Meet 25- year-old Taxify’s Founder who is smashing Uber’s monopoly in Europe and Africa

Not many people want to take on Uber, but Markus Villig launched his own competitor, Taxify (now known as Bolt), when he was only 19-years-old. While his initial vision was to focus on taxis in Tallinn, Estonia, the founder and CEO has grown Taxify rapidly in the last 7 years.

The service now has over five million customers and over 100,000 drivers. Taxify also expanded to across 40 cities in 25 European and African countries, from Lagos to Australia, Uber, for comparison, is in 80 countries.

Annoyed at the high prices and outdated tech of taxi services in his home city of Tallinn, Markus Villig founded Taxify with a loan from his parents when he was 19. He personally persuaded the first 50 drivers to sign up to his platform, and then teamed up with his brother Martin and co-founder Oliver Leisalu to start growing the startup.

Villig, who has been name-checked in Forbes Europe’s “30 under 30” tech list, said that one thing Taxify does differently to Uber is offer “significantly better” earnings for drivers. Whereas competitors often charge drivers a commission of up to 30%, Taxify only takes 15%, he said.

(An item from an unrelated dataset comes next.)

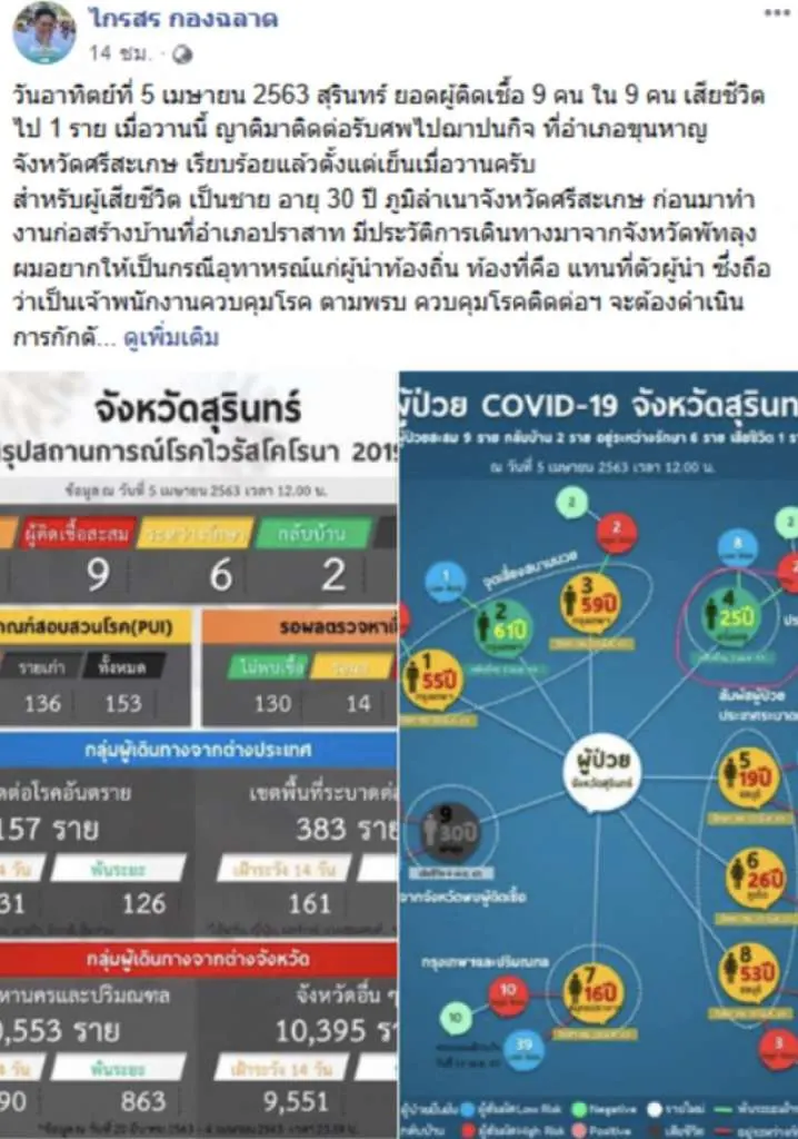 ล่าสุด เฟซบุ๊ก นายไกรสร กองฉลาด ผวจ.สุรินทร์ ได้โพสต์ข้อความและรูปภาพ ข้อมูลสถานการณ์การระบาดของไวรัสโควิด-19 และจำนวนผู้ติดเชื้อ โดยมีข้อความว่า วันอาทิตย์ที่ 5 เมษายน 2563 สุรินทร์ ยอดผู้ติดเชื้อ 9 คน ใน 9 คน เสียชีวิตไป 1 ราย เมื่อวานนี้ ญาติมาติดต่อขอรับศพไปฌาปนกิจ ที่อำเภอขุนหาญ จังหวัดศรีษะเกษ

Taxify has already attracted big investments from global car and taxi giants. In 2017, China’s Didi Chuxing invested an undisclosed sum in the young company. Its latest investment round in May—led by Daimler—raised $175 million, bringing Taxify’s valuation to $1 billion, and making it a rare European “unicorn.”

Showing that a young European startup can rival the might of Uber was a victory in itself. Villeg said: “Personally for me it’s pretty upsetting that when you’re a young person in tech growing up, and every single big company is from Silicon Valley, and Europe doesn’t have a single company that’s in the same ballpark.”

Taxify has surged to 500 staff in just five years (not including drivers). Villig says he’s not about to pen a management book about his secret sauce for success just yet, but he revealed one thing he wishes he’d known five years ago:

“I don’t think I realized at first how uncompromising you should be in bringing the best people on board,” he said. “They’ll pull the company forward, instead of being the ones that need to be pulled… For example, our product team is just 50 people, but having extremely talented engineers means we’re able to compete with huge companies, with teams of thousands of people.”